Stored data entries
════
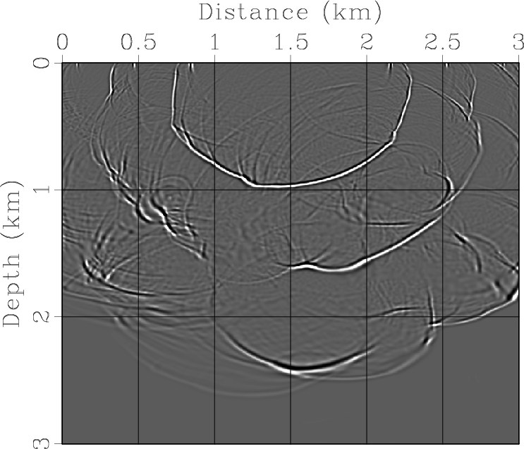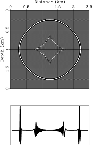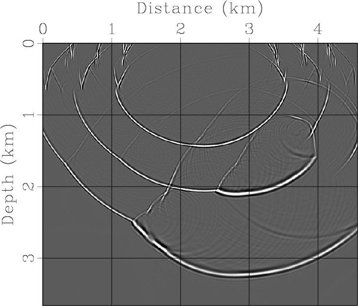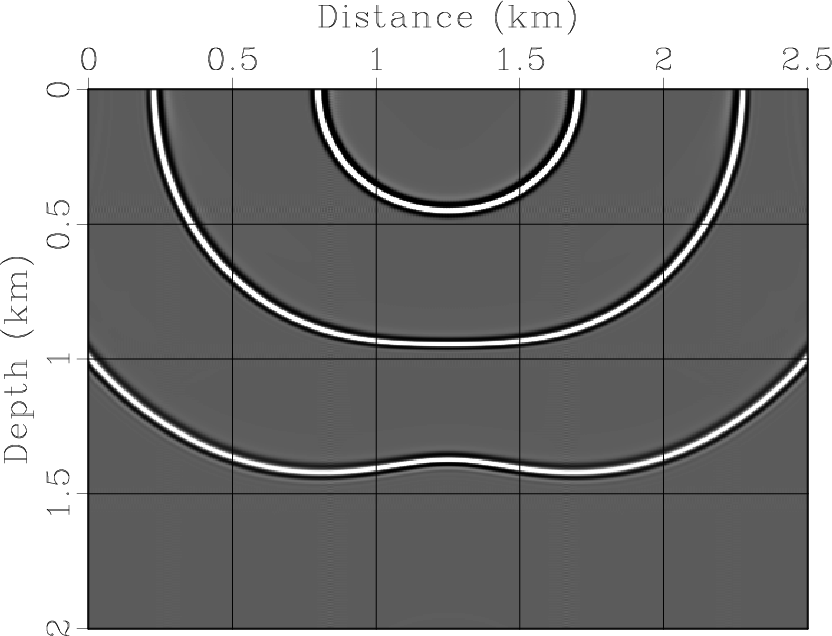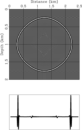Migration images obtained from this section are superpositions of the Green's functions due to a point source located at the center on the surface.
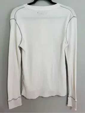 Old Navy Thermal Henley Top M White Waffle Knit Exposed Seam Grunge Y2K
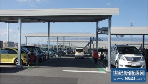 在道之驿“Domannaka田沼”建成的车棚型光伏电站(摄影:Domannaka田沼)
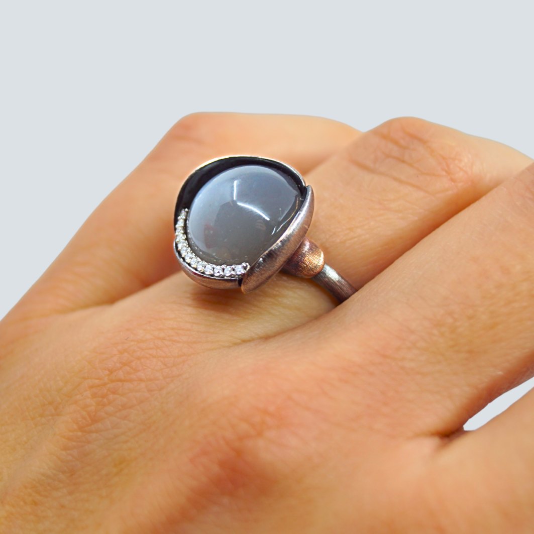 Charlotte Lynggaard for Ole Lynggaard; Lotus ring no. 3 in sterling silver, with moonstone and 13 brilliant-cut diamonds, a total of 0.08 ct. TW. VS. One of the leaves in 18k gold.
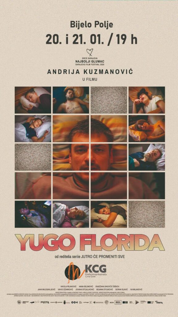 Projekcija filma realizuje se u saradnji bjelopoljskog Centra za kulturu sa Mrežom kinoprikazivača Crne Gore.”Jugo Florida” donosi toplu, emotivnu priču prožetu suptilnim humorom, fokusiranu na generaciju koja je stasavala tokom devedesetih, a danas se suočava sa svijetom u kojem su bliskost, empatija i razumijevanje sve rjeđi. U svom debitantskom filmu, Tagić pažljivo istražuje generacijske odnose, tišine koje razdvajaju ljude i emocije koje često ostaju neizrečene.
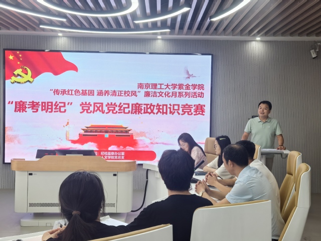 5月21日下午, 星空彩票娱乐平台登录“廉考明纪”党风党纪廉政知识竞赛线下赛在实训楼416融媒体实验室圆满落幕。作为学校廉洁文化月活动之一,本次竞赛由人文学院党总支承办,各分院党总支选派的7支队伍展开激烈角逐。学校党政办公室副主任、纪检监察办公室主任马益昌,人文学院党总支书记陈修玮及人文学院全体教师党员出席活动。
════
Leave out every picture and copy, exactly as written, the lines from the one with "Projekcija filma realizuje" through the end of the records above.

 Projekcija filma realizuje se u saradnji bjelopoljskog Centra za kulturu sa Mrežom kinoprikazivača Crne Gore.”Jugo Florida” donosi toplu, emotivnu priču prožetu suptilnim humorom, fokusiranu na generaciju koja je stasavala tokom devedesetih, a danas se suočava sa svijetom u kojem su bliskost, empatija i razumijevanje sve rjeđi. U svom debitantskom filmu, Tagić pažljivo istražuje generacijske odnose, tišine koje razdvajaju ljude i emocije koje često ostaju neizrečene.
 5月21日下午, 星空彩票娱乐平台登录“廉考明纪”党风党纪廉政知识竞赛线下赛在实训楼416融媒体实验室圆满落幕。作为学校廉洁文化月活动之一,本次竞赛由人文学院党总支承办,各分院党总支选派的7支队伍展开激烈角逐。学校党政办公室副主任、纪检监察办公室主任马益昌,人文学院党总支书记陈修玮及人文学院全体教师党员出席活动。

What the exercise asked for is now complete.